The process has evolved over the years, but the majority of the credit goes to a 1937 American Straight Needle Machine — a sewing machine built by a company that went out of business in the 1960s. Every sandal is now stitched together with the American Straight Needle Machine, making for a manufacturing process that is relentless in its quality and precision.

“In my travels to these arts festivals and shows, I would always stop at a shoe repair shop to see if they had any machines for sale,” says Piper. “I knew what I was looking for — Industrial Revolution-era shoe machinery. My old antique machine can sew a shoe in one minute and never miss a stitch, ever.”

Another key to Piper Sandals’ success: product longevity. They rebuild sandals through the mail for half the selling price, and new straps are always free.

With a high-quality product that has proven to stand the test of time, as well as a 3rd generation business owner waiting in the wings, Piper Sandals is in good hands.

“We are a niche business that caters to people who want really good sandals,” says Piper. “Turns out, there’s always people making a good enough living to want nice things. I never wanted to build a huge company. My son was two years old when I started — he lives next door now, and he runs everything. He’s 52 now. So, we just do what we do.”

Challenges: Piper Sandals made out better than many during the pandemic. With everything but the buckle being American-made, the worldwide supply chain nightmares have been mostly manageable.

Photos courtesy Piper Sandals

That said, the biggest current challenge is still an erratic supply chain. “The only complication we’ve run across with the pandemic is a shortage of materials,” says Piper. “Our tannery — Horween Original Leather — experienced the same things that grocery stores have experienced: they’re not getting all the products they ordered.”

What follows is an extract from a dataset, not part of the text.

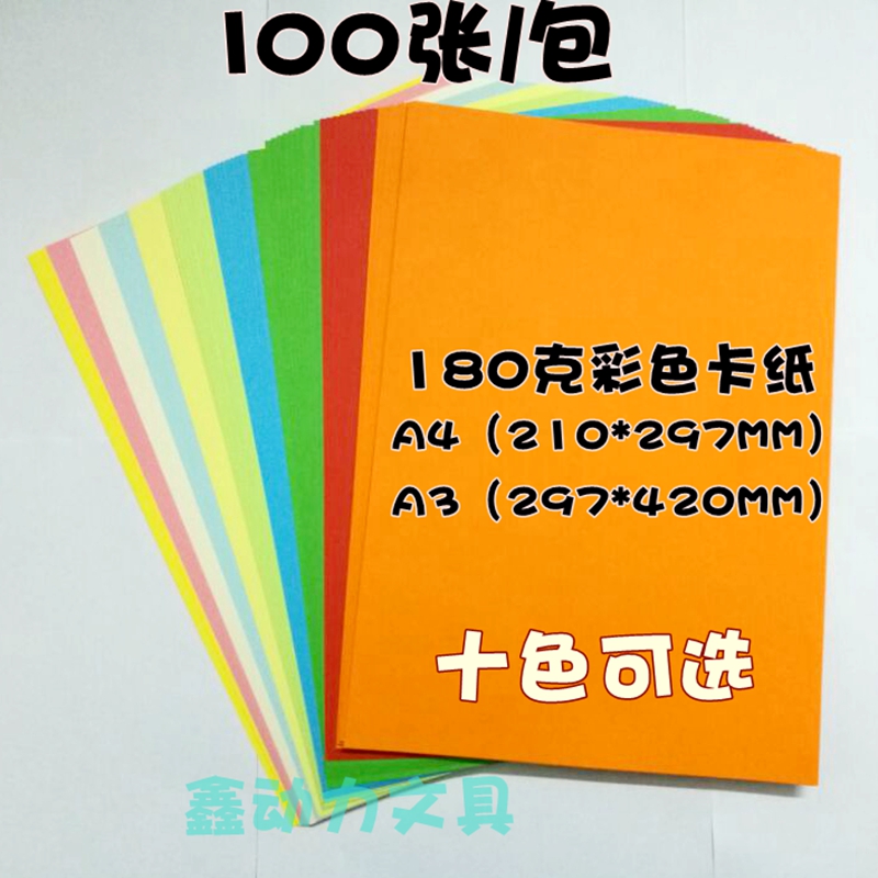 A4/A3彩色卡紙打印彩紙 封面紙 繪圖紙手工折紙180g 硬卡紙100張

Opportunities: Despite the significant losses resulting from the pandemic and its prolonged effects, optimism remains: Piper Sandals was forced to become leaner across the board, and Piper himself doesn’t seem to be too perturbed by it.

“We learned through the pandemic that we didn’t have to make as many sandals as we thought we did in order to live just fine,” he says. “Prior to the pandemic, we had three employees, and we were just bumping into each other all day long in this small shop. But now, it’s just me and my son. We cut it back from about 2,300 to 2,400 hundred pairs a year, to about 800 pairs a year. Occasionally we’ll bring in a college student to work in the spring.”

Needs: Annual summer festivals are still when and where Piper makes the majority of his income each year. Additionally, sales are as seasonal as the shoe itself — most people do not look to purchase sandals during the winter. “I haven’t had an arts festival for the last two years with the pandemic, but that’s how we sell half of our sandals: traveling to about a dozen or so arts festivals around America,” says Piper.